**Provided data:**

○ ○ ○ ○ ○ ○ ○

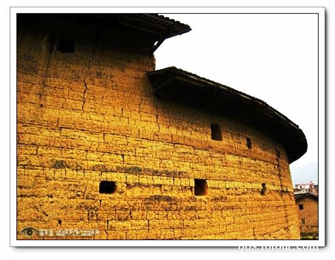 上饒樓位于饒平北部山區(qū)的上饒鎮(zhèn),建于乾隆三十八年,整體高三層半,圓形。圍墻大部分是用黃泥土夯成,打上粘糯米的汁液,使墻體的質(zhì)地異常的堅(jiān)硬。圍墻的厚度最厚可達(dá)一米五之多,開(kāi)個(gè)窗戶能躺兩個(gè)五六歲的小孩子。
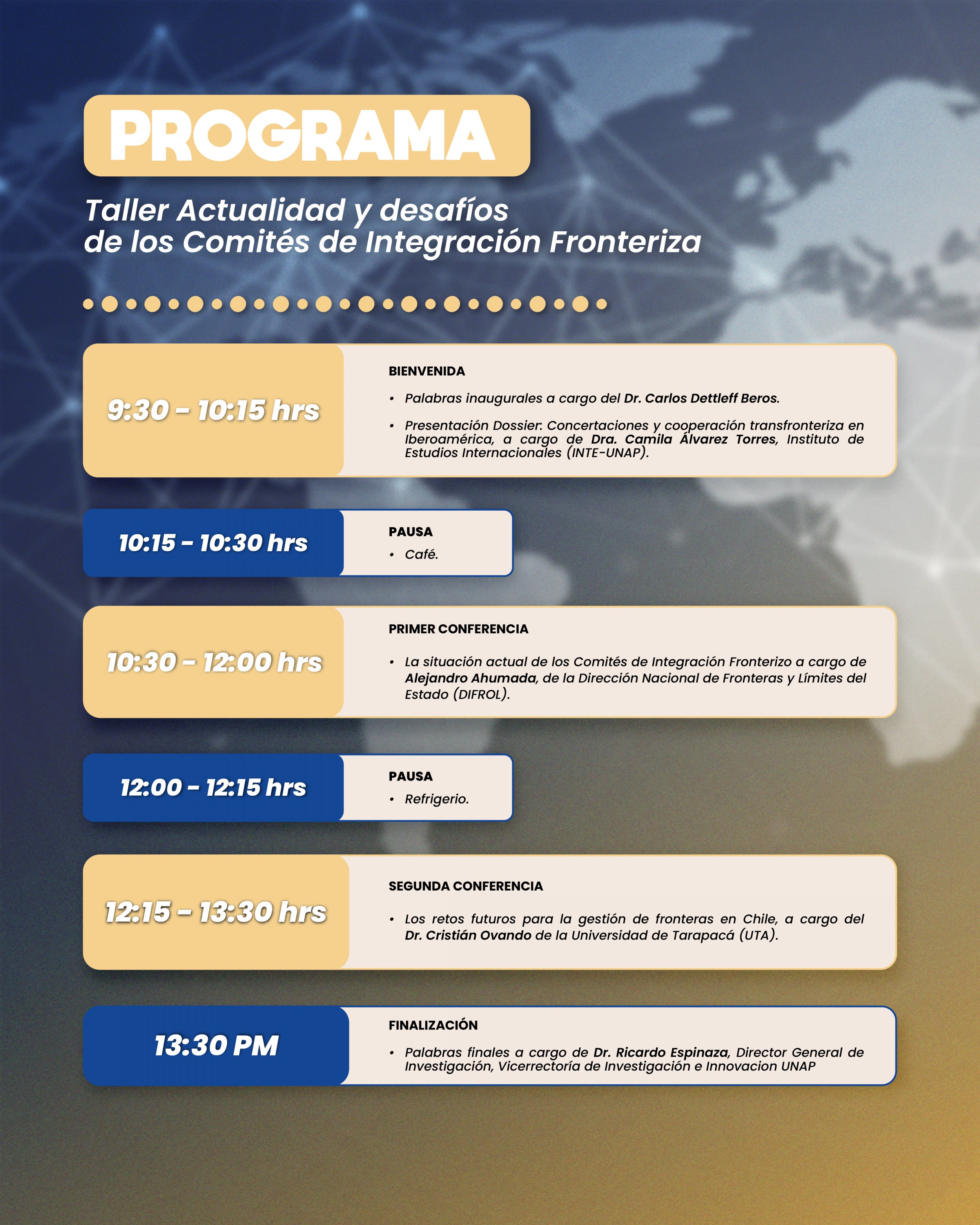 La jornada comenzará con las palabras inaugurales a cargo del Dr. Carlos Dettleff Beros, para luego continuar con la presentación del dossier “Concertaciones y cooperación transfronteriza en Iberoamérica” a cargo de la Dra. Camila Álvarez Torres, investigadora del Instituto de Estudios Internacionales de la UNAP, y la Dra. Inês Gusman, académica del Instituto de Estudos e Desenvolvimento de Galicia de la Universidad de Santiago de Compostela, España. Ambas especialistas lideran esta propuesta editorial orientada a reunir investigaciones que analicen las dinámicas de cooperación, gobernanza y concertación transfronteriza en el contexto iberoamericano.
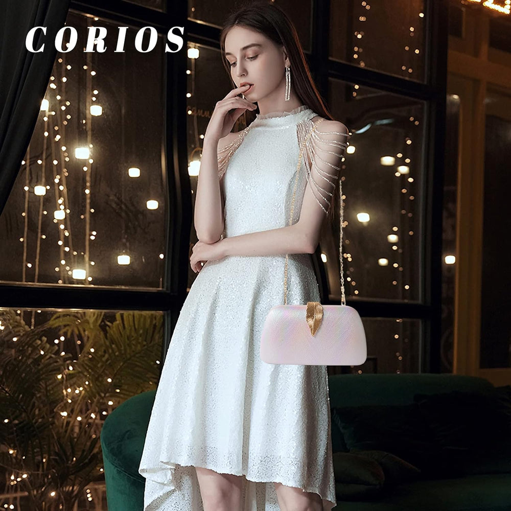 CORIOS Clutch Damen Luxus Abendtasche Glitter Handtasche Glänzend Umhängetasche Elegant Schultertasc
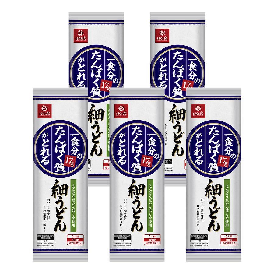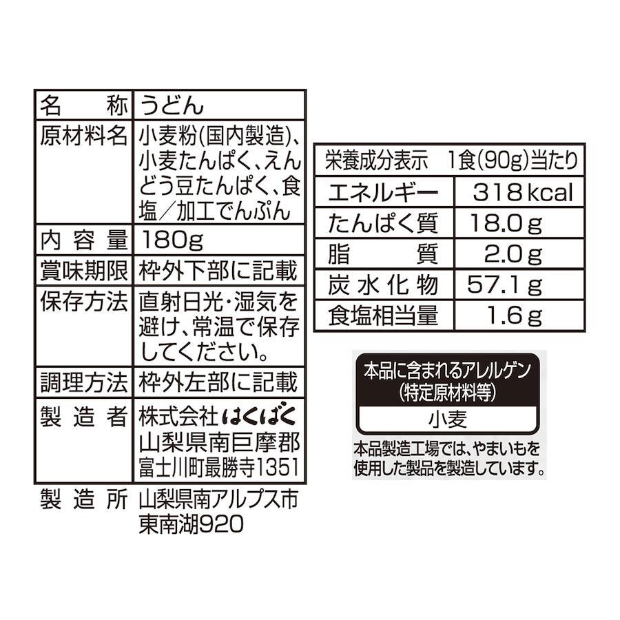 いつものうどんと変わらない美味しさで、成人女性に必要な一食分のたんぱく質が摂れる細うどんです。麺には、質が良く低アレルゲンの植物性たんぱく質である「 えんどう豆たんぱく 」が練りこまれています。独特の歯ごたえが特長で、おいしく効率的に日々の健康をサポートできます。栄養成分成分(90g当たり)エネルギー310kcal たんぱく質17.2g 脂質2g 炭水化物55.7g 食塩相当量3.3g

○ ○ ○ ○ ○ ○ ○

**Task instructions:** Pictures aside, print every line of the material exactly.

**Your solution:**
 上饒樓位于饒平北部山區(qū)的上饒鎮(zhèn),建于乾隆三十八年,整體高三層半,圓形。圍墻大部分是用黃泥土夯成,打上粘糯米的汁液,使墻體的質(zhì)地異常的堅(jiān)硬。圍墻的厚度最厚可達(dá)一米五之多,開(kāi)個(gè)窗戶能躺兩個(gè)五六歲的小孩子。
 La jornada comenzará con las palabras inaugurales a cargo del Dr. Carlos Dettleff Beros, para luego continuar con la presentación del dossier “Concertaciones y cooperación transfronteriza en Iberoamérica” a cargo de la Dra. Camila Álvarez Torres, investigadora del Instituto de Estudios Internacionales de la UNAP, y la Dra. Inês Gusman, académica del Instituto de Estudos e Desenvolvimento de Galicia de la Universidad de Santiago de Compostela, España. Ambas especialistas lideran esta propuesta editorial orientada a reunir investigaciones que analicen las dinámicas de cooperación, gobernanza y concertación transfronteriza en el contexto iberoamericano.
 CORIOS Clutch Damen Luxus Abendtasche Glitter Handtasche Glänzend Umhängetasche Elegant Schultertasc
 いつものうどんと変わらない美味しさで、成人女性に必要な一食分のたんぱく質が摂れる細うどんです。麺には、質が良く低アレルゲンの植物性たんぱく質である「 えんどう豆たんぱく 」が練りこまれています。独特の歯ごたえが特長で、おいしく効率的に日々の健康をサポートできます。栄養成分成分(90g当たり)エネルギー310kcal たんぱく質17.2g 脂質2g 炭水化物55.7g 食塩相当量3.3g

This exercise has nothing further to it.